ГЛАВА III. КОРОЛЕВА ТЕАТРА

   Острая боль прорвала заменивший для Марианны мир плотный туманный кокон. Будто раз за разом прикладывали раскаленное железо и она пыталась защититься, борясь с невидимым палачом, который, казалось, не хотел оставить ее в покое.

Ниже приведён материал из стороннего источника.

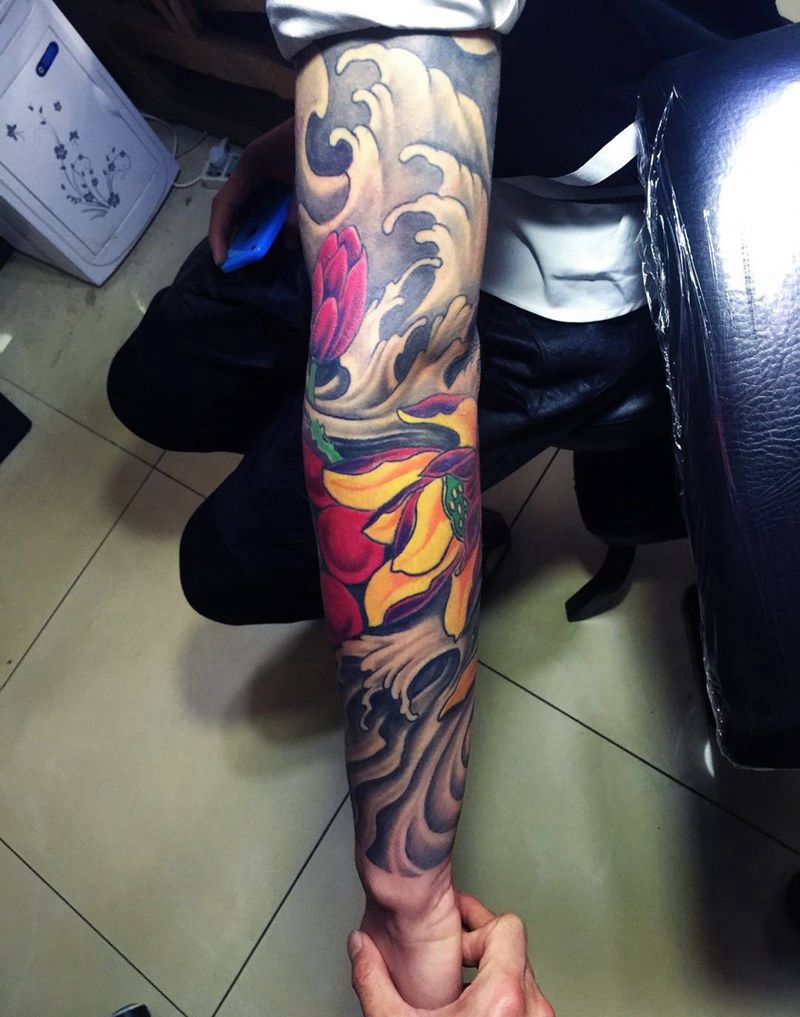 当前位置: 首页 >北京市纹身店-北京花刺纹身工作室纹身图案>今日作品花臂补色!纹身图片_成品手臂传统人物植物纹身图案

   — Не так уж страшно, как я думала, — радостно сказал женский голос с итальянским акцентом. — Madre mia. Ей повезло, ибо я подумала, что она уже мертва.
   — Я тоже, — подтвердил другой голос, но лишенный акцента. — Однако убийца не была в этом уверена.
   Если бы вы не распахнули ставни и не закричали, моя дорогая Ванина, она ударила бы еще раз. К счастью, мы спугнули ее.
   На эти вполне земные голоса Марианна открыла глаза, но тут же закрыла, настолько склонившиеся над ней при свете свечей две женщины показались необычными. Свечу держала красивая молоденькая женщина, рыжая и белокожая, носившая бархатные фижмы, накрахмаленные брыжи и чепчик с тремя рожками принцессы Ренессанса, тогда как у другой, задрапированной в типично римский пурпурный пеплум, хлопотавшей над раненой, чью рану она энергично обрабатывала, лицо отличалось тонкостью и правильностью черт, а высокий шиньон опоясывала также римская диадема и несколько огненного цвета эгретов поменьше. Она так отдалась своему занятию, что ее черные брови нависли над глазами, а между красиво очерченными алыми губами виднелся розовый кончик языка.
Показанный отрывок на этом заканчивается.